In 252, after the death of the Eastern Wu emperor Sun Quan, the Wei generals on the frontline such as Hu Zun, Wang Chang and Guanqiu Jian had the intention of using the opportunity to attack their rival state. When Fu Gu was asked for his opinion, he objected to the campaign against Wu. Although the campaign went ahead, Wei forces led by Hu Zun and Zhuge Dan met their defeat at the Battle of Dongxing in 252 by the Wu forces led by Zhuge Ke. Fu Gu was later awarded the title of a Secondary Marquis (關內侯).

Later in 254, Sima Shi deposed the Wei emperor Cao Fang and replaced him with Cao Mao. Fu Gu was promoted from a Secondary Marquis to the Marquis of Wuxiang Village (武鄉亭侯).

In 255, enraged at the regent Sima Shi for deposing the emperor Cao Fang, Guanqiu Jian and Wen Qin started a rebellion in Shouchun against Sima Shi. As Sima Shi was then suffering from an eye disease, the officials urged him to let Sima Fu lead imperial forces to quell the rebellion. However, Fu Gu, Wang Su and Zhong Hui advised him to personally lead the army instead. Sima Shi heeded their advice. Fu Gu participated in the campaign as Supervisor of the Masters of Writing (尚書僕射). Sima Shi's brother Sima Zhao was also involved. Fu Gu contributed to the suppression of the rebellion. During the campaign, Sima Shi's eye condition worsened and he died days later in March that year.

After Sima Shi died in Xuchang, Sima Zhao took over his brother's position as the regent of Wei. In an attempt to prevent a transfer of power from Sima Shi to Sima Zhao, the Wei emperor Cao Mao ordered Sima Zhao to remain in Xuchang and let Fu Gu lead the army back to the capital Luoyang. However, Fu Gu and Zhong Hui met up with Sima Zhao, defied Cao Mao's orders, and returned to the capital together.

Fu Gu was later enfeoffed as the Marquis of Yang District (陽鄉侯) and his fief increased by 600 households to a total of 1200. He died in the same year.

==Descendants==
Fu Gu had a son, Fu Zhi (傅祗; c.244 - June or July 312); (Note: Fu Zhi's biography in Book of Jin recorded that he died at the age of 69 (by East Asian reckoning) soon after the Disaster of Yongjia.
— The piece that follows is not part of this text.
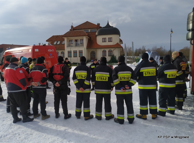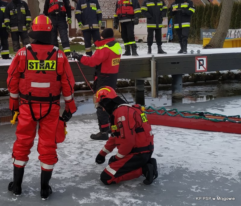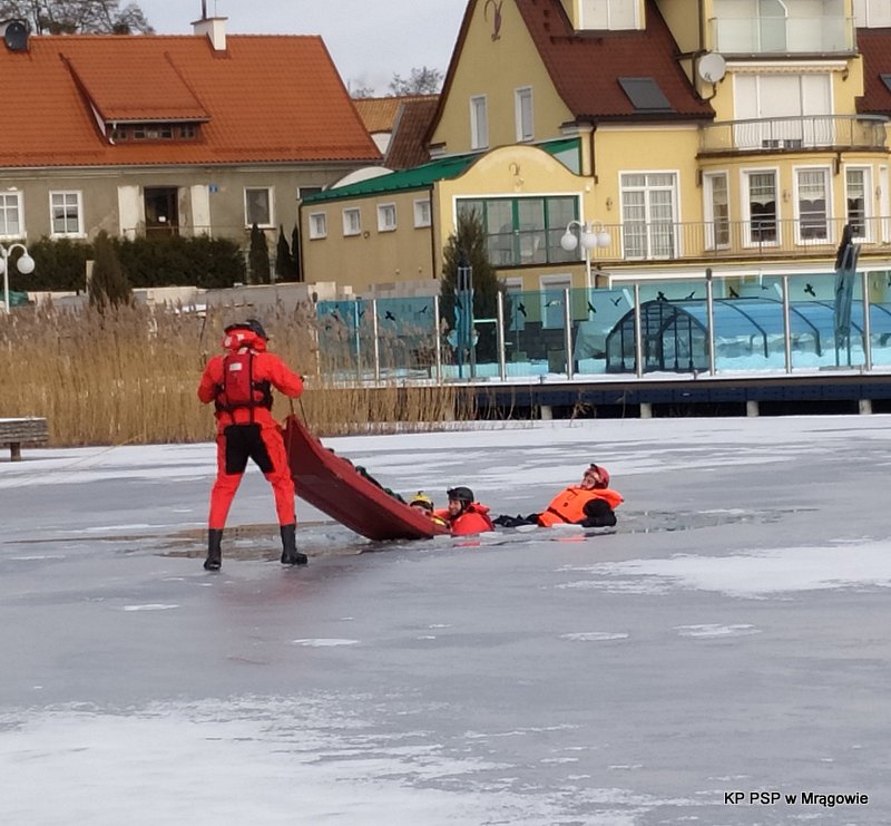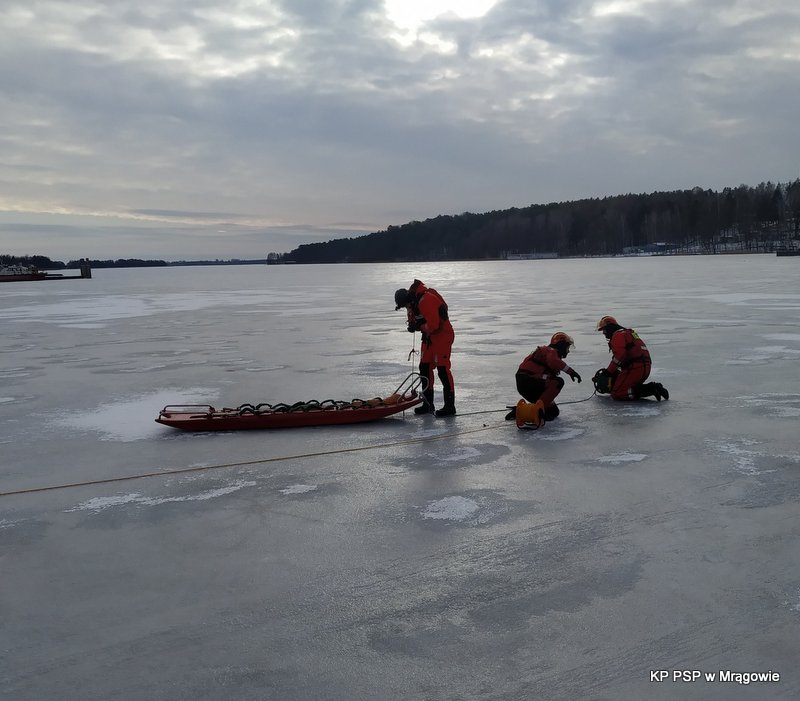 Strażacy Komendy Powiatowej PSP w Mrągowie wraz z MOPR Mikołajki, OSP KSRG Mikołajki oraz OSP Woźnice skutecznie wykorzystali panujące w ostatnich dniach warunki niskich temperatur i przećwiczyli działania z zakresu ratownictwa lodowego w celu poszerzania swoich umiejętności zawodowych min. zabezpieczanie terenu, na którym prowadzone są działania ratownicze, ewakuacji poszkodowanego, udzielenie kwalifikowanej pomocy przedmedycznej z uwzględnieniem wszelakich procedur postepowania przy wychłodzeniu i hipotermii, stosowanie wszelkich technik samoratownia z użyciem odpowiedniego sprzętu ratowniczego. Swoje umiejętności zawodowe udoskonalali także nurkowie SGRW-N Mrągowo, którzy przećwiczyli poszukiwanie osoby zaginionej pod taflą zamarzniętego akwenu.

The Zizhi Tongjian dated Fu Zhi's death to the 5th month of the 6th year of the Yongjia era; the month corresponds to 21 Jun to 19 Jul 312 in the Julian calendar.) Fu Xuan (傅宣; 267 - 307) (Note: Fu Zhi's biography in Book of Jin recorded that Fu Xuan died at the age of 49 (by East Asian reckoning) in an unknown year; he was appointed to his final two posts during the reign of Emperor Huai of Jin.) and Fu Chang (傅暢; died 330) were his grandsons. (Note: Fu Zhi had a biography in vol.47 of Book of Jin.)